Beautiful Virgin Islands

Monday, Sep 01, 2025

Amazon deleted 20,000 product ratings after an investigation highlighted paid-for reviews

Amazon deleted 20,000 product ratings after an investigation highlighted paid-for reviews

Amazon removed 20,000 product reviews following revelations that some sellers offer free products in exchange for positive ratings. An investigation by the Financial Times analyzed the behavior of top reviewers in the UK. One user posted a review every four hours, on average, during August, and then sold duplicate products on eBay. Positive reviews can lift a product's rating and cause a short-term spike in sales.

Amazon has removed 20,000 product reviews after a Financial Times investigation suggested that some of the site's top UK reviewers may have profited from leaving positive ratings.

The paper's analysis showed nine of Amazon's top 10 UK reviewers dished out five-star reviews to products from little-known Chinese brands. The FT found the same products in Facebook groups and forums that offer free products or money in exchange for ratings.

Amazon deleted around 20,000 reviews from seven of these users just hours after the paper's report on Friday.

Amazon also removed thousands of ratings analyzed in a study into paid-for reviews by the University of Southern California (USC) and the University of California, Los Angeles (UCLA).

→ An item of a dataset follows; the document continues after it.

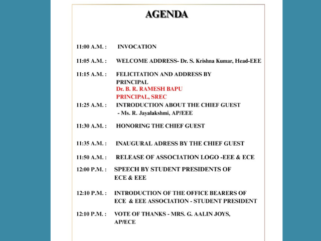 Sriram Engineering College School of Electrical & Electronics Engineering Organised a Seminar on Industrial Automation and Tools in Microwave lab ECE on 24-10-2024. Guest Speaker : Mr. Sujeeth Vishnu, Business Development Engineer, Mr. M. Karkuvel Application Engineer, AGIIT, Chennai. Venue : Microwave lab ECE Date : 24-10-2024, Time : 2.00 P.M.

Positive reviews feed into Amazon's product-ranking algorithm, and determine whether a product gets a coveted "Amazon's choice" label. Because of this, vendors have started offering reviewers their products for free – or even for a commission — on Facebook groups and forums.

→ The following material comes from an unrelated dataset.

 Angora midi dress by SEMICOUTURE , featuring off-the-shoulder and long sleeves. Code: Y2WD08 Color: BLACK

USC and UCLA researchers identified around 2,500 of these groups, and around 80% of the products posted in them were from China. Their paper showed that these fake reviews can lift a product's rating temporarily and cause a short-term spike in sales.

Researchers reported that around a third of the reviews on products they were monitoring were removed by Amazon – and that most of these were five-star reviews.

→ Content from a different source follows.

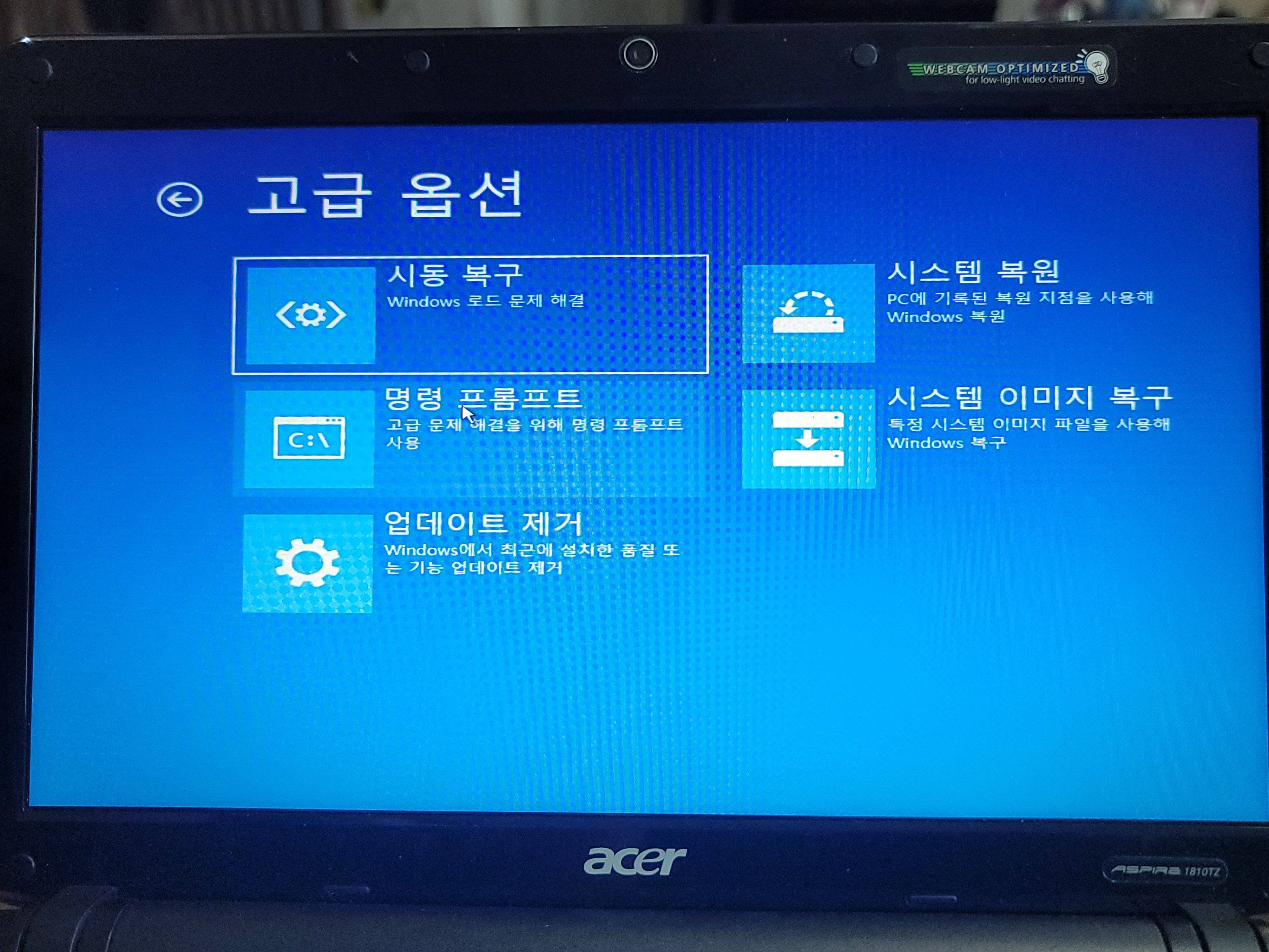 혹시나 하고 '시동 복구' 를 선택해 봤으나 문제가 없다고 하고 바로 끝났습니다.

One user posted a review every four hours


The FT's analysis showed that Amazon UK's top-ranked reviewer, Justin Fryer, rated products totalling £15,000 ($19,740) in August alone, including three gazebos, 10 laptops, and even dolls houses, posting a review on average every four hours. Many of the products he reviewed were then listed for sale on an eBay account bearing his name and address.

Fryer denied he was given the products for free in exchange for positive reviews, and said the eBay listings were for duplicate products he had received. He deleted his Amazon review history after being contacted by the paper.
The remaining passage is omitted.